Unread post by Farmgirl » Sat Nov 04, 2023 7:14 pm

cuck075 wrote:
Thu Nov 02, 2023 8:08 pm
Hello VHWs - My wife is very hot and sexy and we have had amazing sex for last 10 years, since last couple of months I have seen I rather ejaculate pretty soon and I can tell my wife wants more.. My dick is at 5.1" and okayish girth, but when we have sex she never makes the noises and moans she does with the 8" thick dildo I've got for her! We always roleplay mfm where I am talking to her that she is being fucked by a big penis and I have seen she gets horny and more wet then usual..

She is a very traditional wife and conservative but when her pussy is on fire, she just wants it badly and my 5" isnt gonna cut it. I have watched numerous videos on Cukcoldsporn and I always fantasize my wife banging a hard bbc or bwc but my doubt is.. My wife is very emotional and she always likes having sex with emotions - will this cause any kind of attraction towards a potential bull? What about STDs or any other sexual diseases and how do you protect her against it?

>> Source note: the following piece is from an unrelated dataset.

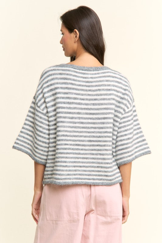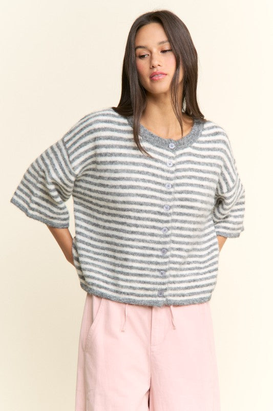 Effortlessly chic and undeniably versatile, this striped button-down sweater brings casual sophistication to your everyday wardrobe. The relaxed, boxy silhouette pairs perfectly with everything from jeans to tailored trousers, while the cropped length flatters any frame. Crafted from a premium blend of polyester, nylon, acrylic, wool, and spandex, it offers the perfect balance of comfort and durability. Short sleeves and a classic round neckline make layering a breeze, and the button-front closure gives you easy styling options. The timeless brown and white stripe pattern is a wardrobe staple that never goes out of style.

Finally, I just want your suggestions on how shall I take the fantasizing about mfm we both do to something real as I constantly think that my self-esteem (especially related to my penis) has gone very low and any attempts to have sex turns into a 2-3 mins session whereas my wife easily goes 30-45mins full blown if I use a male desensitization spray.. Whenver I ask her during sex if she likes a big dick she always says yes so I am thinking there may be an opportunity here to let her explore her sexual side!

If you have real self-esteem issues, those need to be explored and fixed aside from Hotwifing. Hotwifing doesn't fix problems in a person or a marriage, it enhances an already good relationship. Work on yourself first, then you can talk to her openly about the LS.